-------- SOURCE DATA

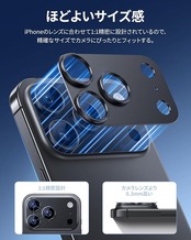 「貼り付け簡単」アイホン17プロ本体のカメラを綺麗にしてから、保護シールを剥がし、レンズに合わせてはめこむように貼り付けたら、しっかりとこすって密着させるだけで完了です。はめ込み仕様なので、剥がれにくいのも特長です。
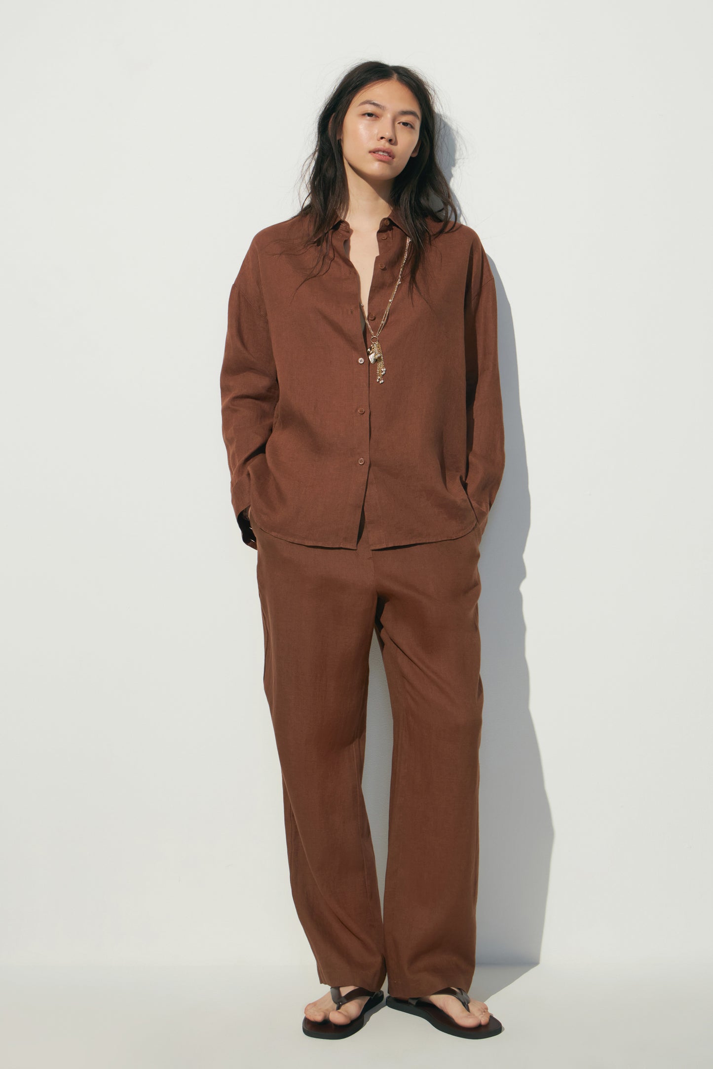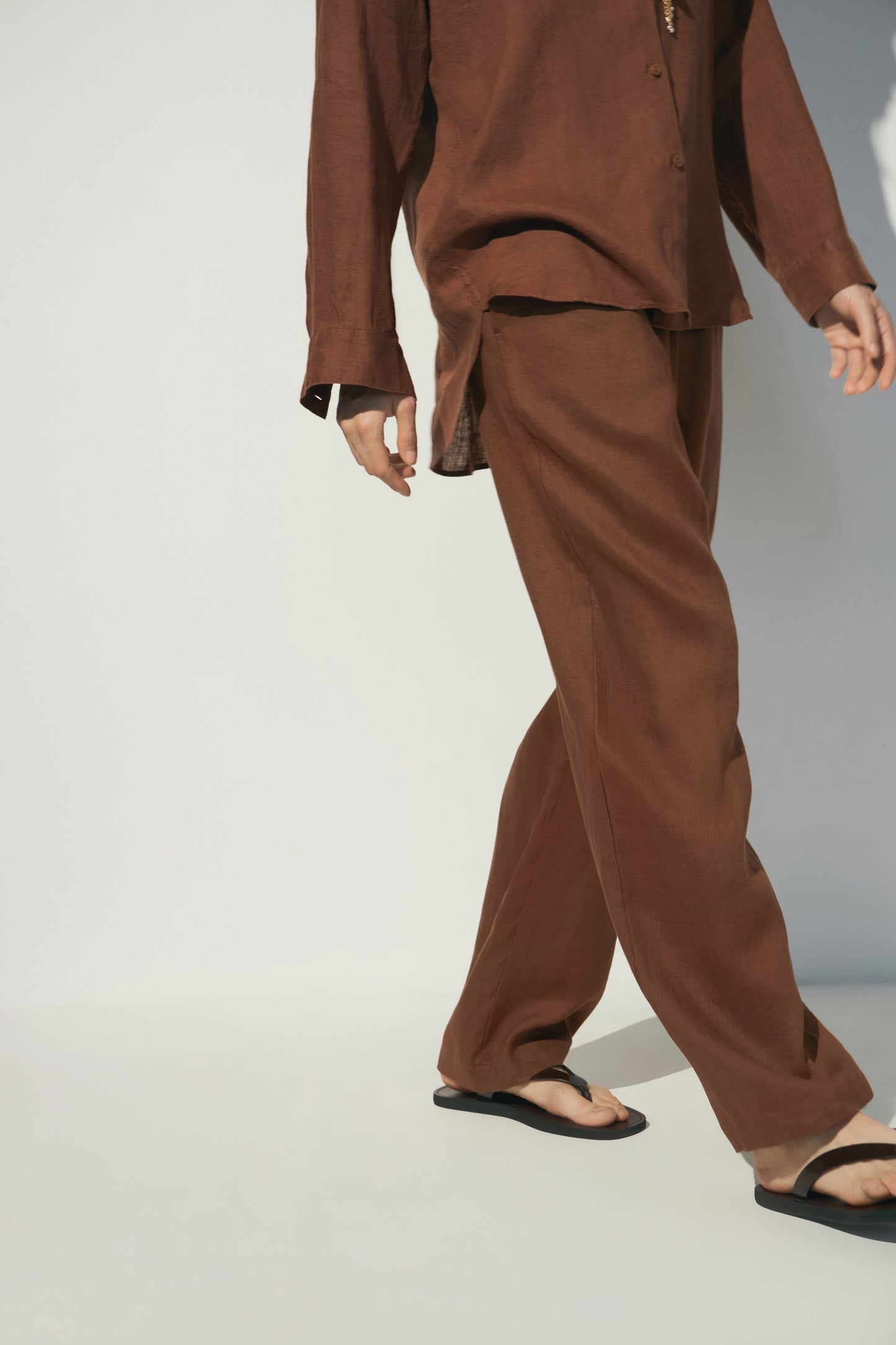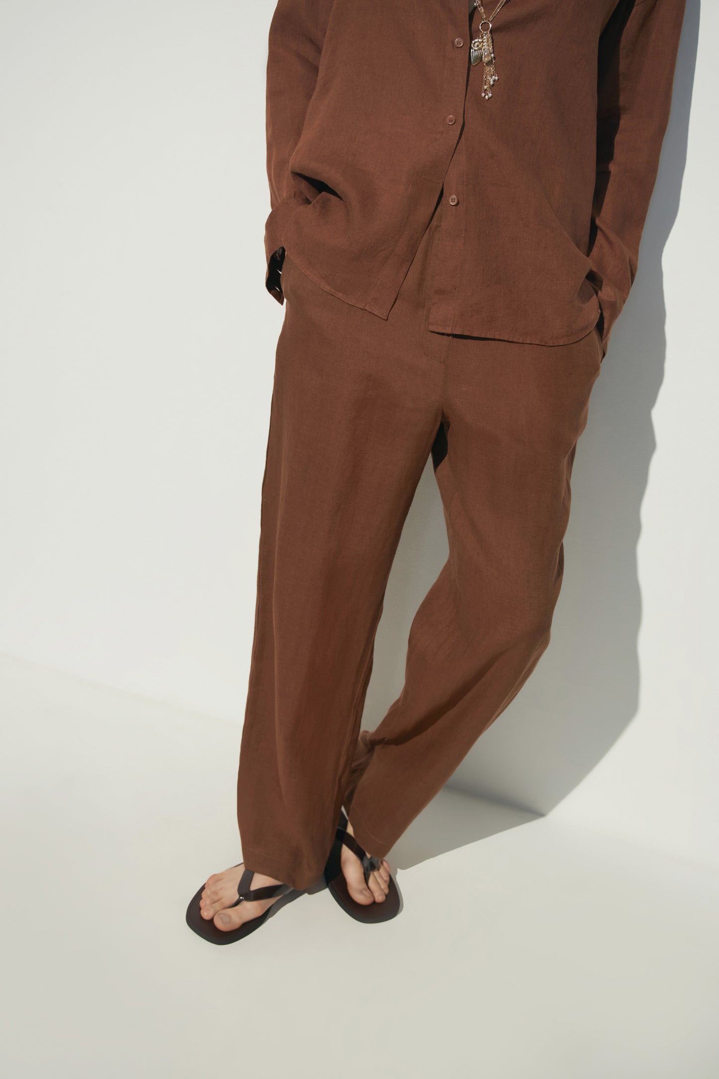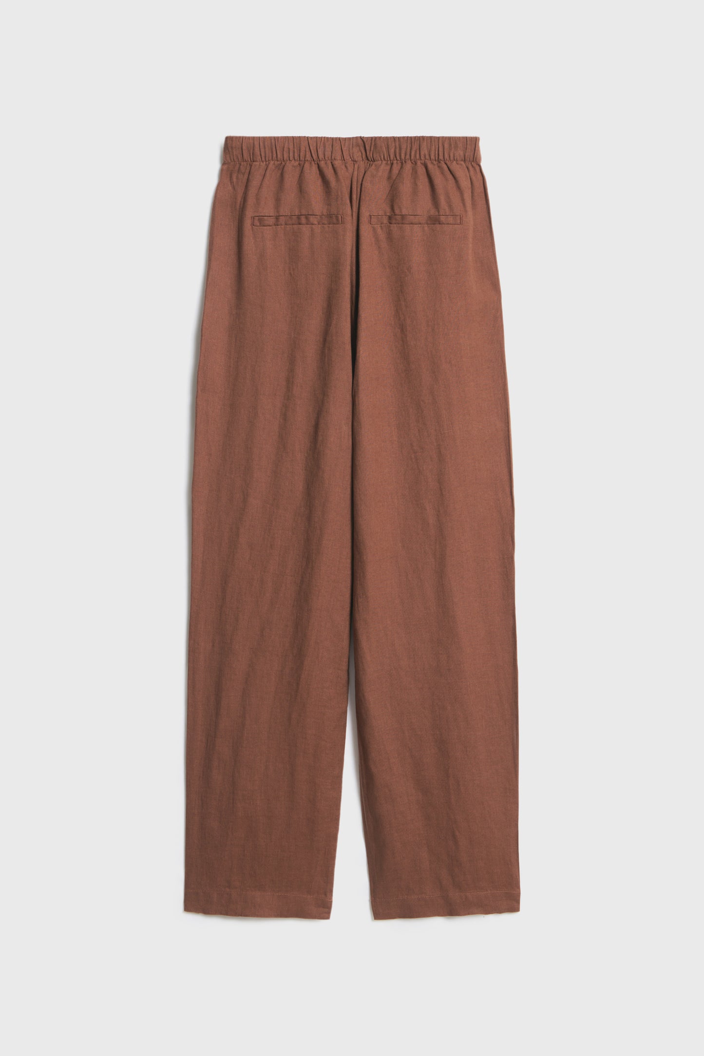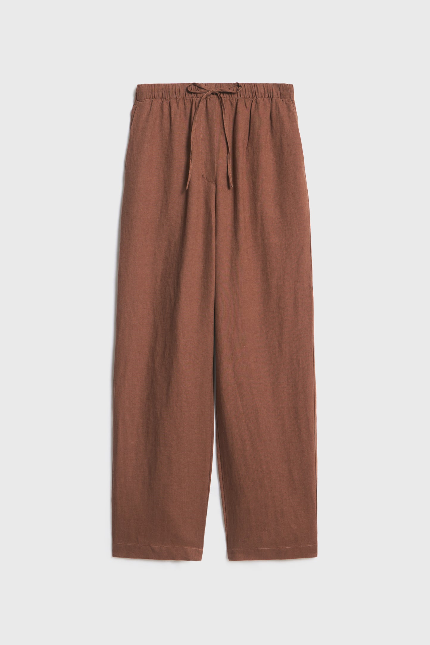 Cropped carrot fit trousers made of 100% linen. Featuring an adjustable elasticized drawstring waistband, side pockets and fake back pockets.
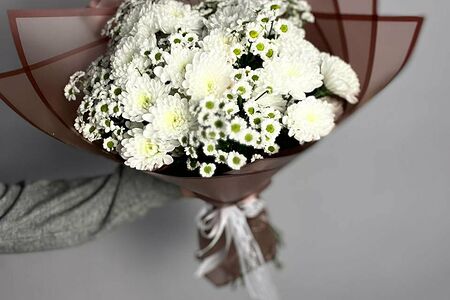 состав: 4 кустовых белых хризантемы, 7 сантини
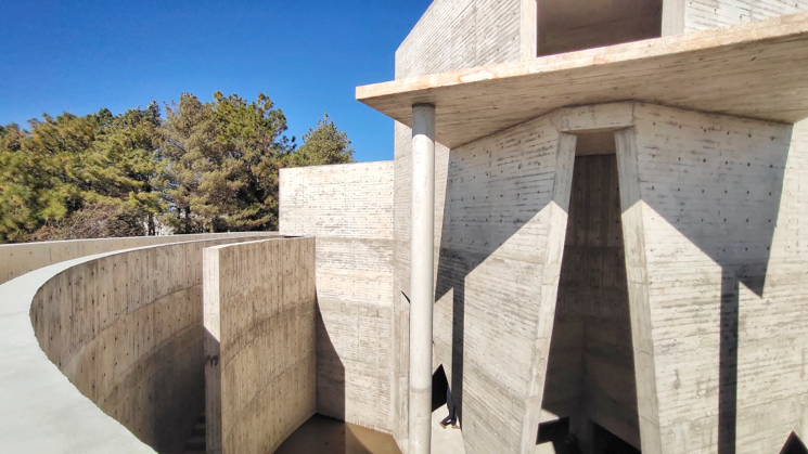 伙山美术馆是八旬最新的项目。水泥混凝土结构藏身于山顶的一片树林中,更像是一个脱离现实凭空出现的“新宇宙”。
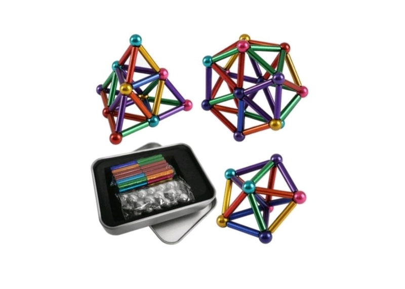 Виробник: Інший виробник Кілька примірників у наявності Кольоровий магнітний конструктор палички та кульки містить різнобарвні палички (36 штук) і кульки (27 штук). Дасть вам змогу цікаво провести час і відпочити, створюючи об'ємні фігури. Має вікове обмеження (8+ років). Розвиває логіку та образне мислення, знімає стрес і покращує настрій. До комплектації входить 36 паличок різних кольорів і 27 кульок; Паковання: металева коробочка з м'яким ложем; Діаметр кульки 8 мм; Довжина палички 23 мм; Вікове обмеження 8+ років.
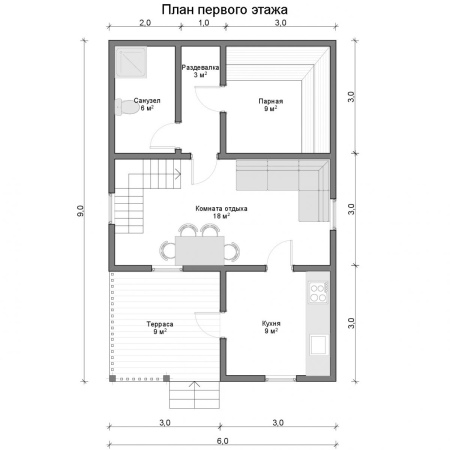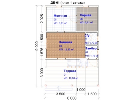 Suihkuhuoneesta johtaa ovi höyrysaunaan.. Tällä pohjaratkaisulla mitat ovat suunnilleen seuraavat: 6x3 metrin eteinen ja saman verran oleskelutilaa. Muiden huoneiden osalta suihkuhuoneen ja wc:n pinta-ala voi olla 3x3 m, ja sama määrä tarvitaan höyrysaunaan.
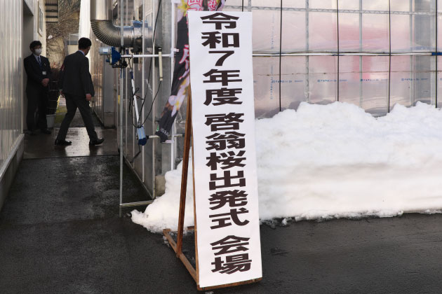 西川町吉川の促成・集出荷施設で、町やJAの職員など約30人の関係者が出席して行われた啓翁桜の出発式。厳かに神事が執り行われ、神主の祝詞奏上に続いてJAさがえ西村山・安孫子常哉組合長が玉串を捧げ、品質のいい啓翁桜を安全に出荷できるよう祈願したペロ。
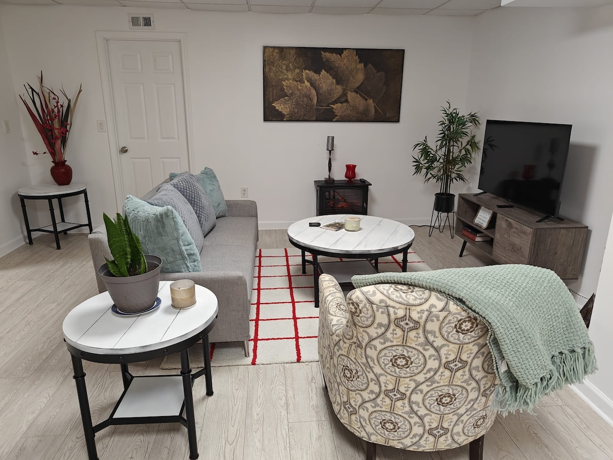 A beautifully renovated and spacious 1 bed/1 bath private basement apartment with a private, separate entrance! The apartment includes stainless steel kitchen appliances, wifi, a dedicated workspace, two flat screen Fire TVs, washer & dryer, and an electric fireplace. Located in a quiet residential neighborhood, but only 5 miles away from the historic Marietta Square and 5 miles away from the Braves Stadium. Enjoy the peace and quiet while still being close to the excitement of metro Atlanta!
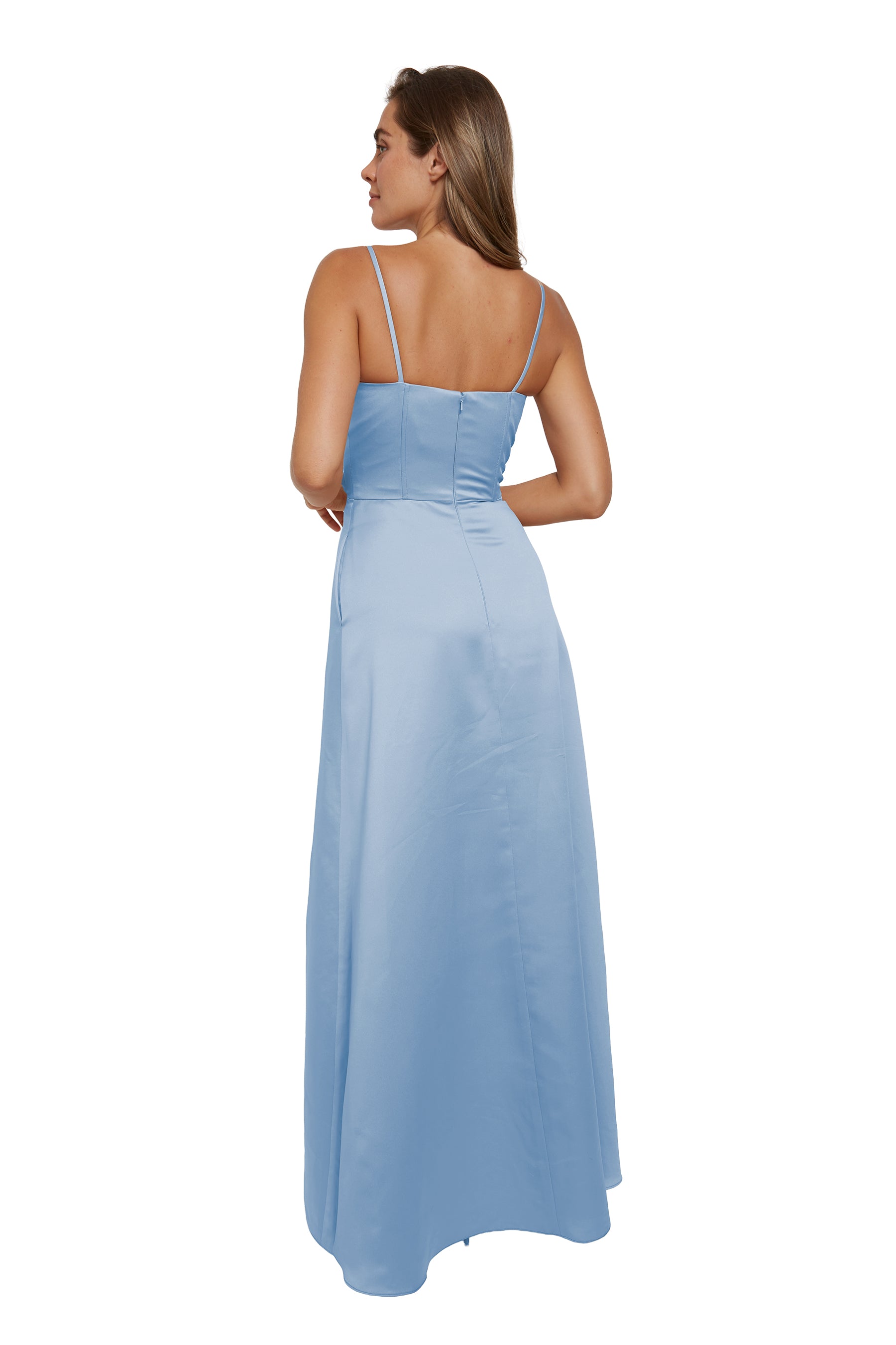 Beautifully designed sexy corset bodice with a full A-line skirt that includes convenient pockets and a fashionable slit, made from luxurious Mikado fabric.
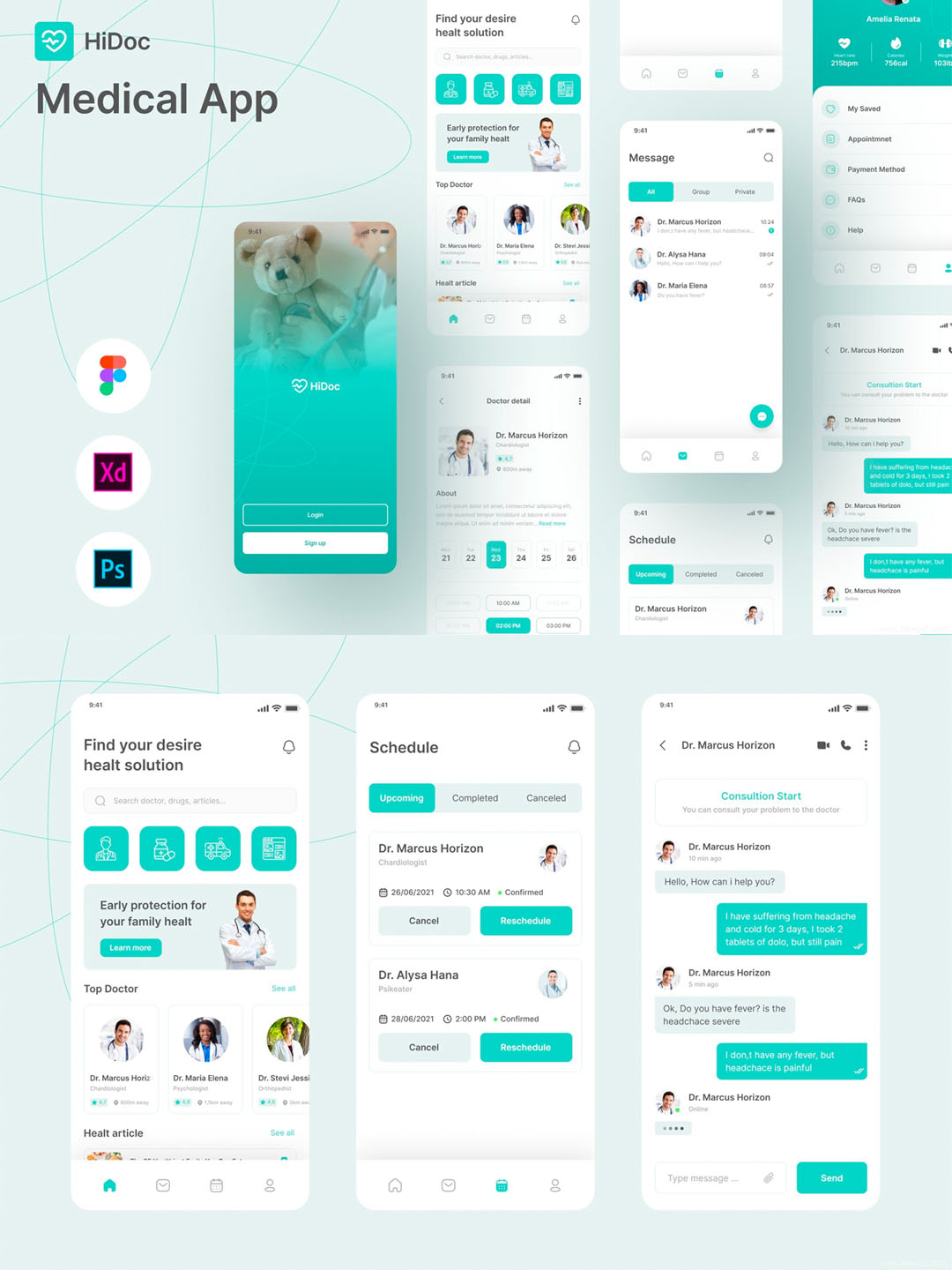 绿色小清新医疗APP、在线问诊APP UI资源素材 FIG,XD,PSD源文件
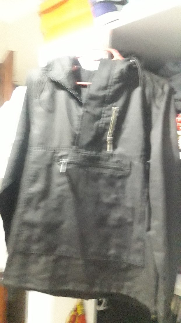 Siyah renkli, notalı yaka ve uzun kollu erkek yağmurluğu. Bol kesim, fermuarlı cepler ve ön fermuar detaylarıyla sokak stili için uygundur. ️

----------------

Going by the data above, the answer is exactly the lines from the one holding "Cropped carrot fit" to the one holding "伙山美术馆是八旬最新的项目。", both kept, with the pictures left out.

 Cropped carrot fit trousers made of 100% linen. Featuring an adjustable elasticized drawstring waistband, side pockets and fake back pockets.
 состав: 4 кустовых белых хризантемы, 7 сантини
 伙山美术馆是八旬最新的项目。水泥混凝土结构藏身于山顶的一片树林中,更像是一个脱离现实凭空出现的“新宇宙”。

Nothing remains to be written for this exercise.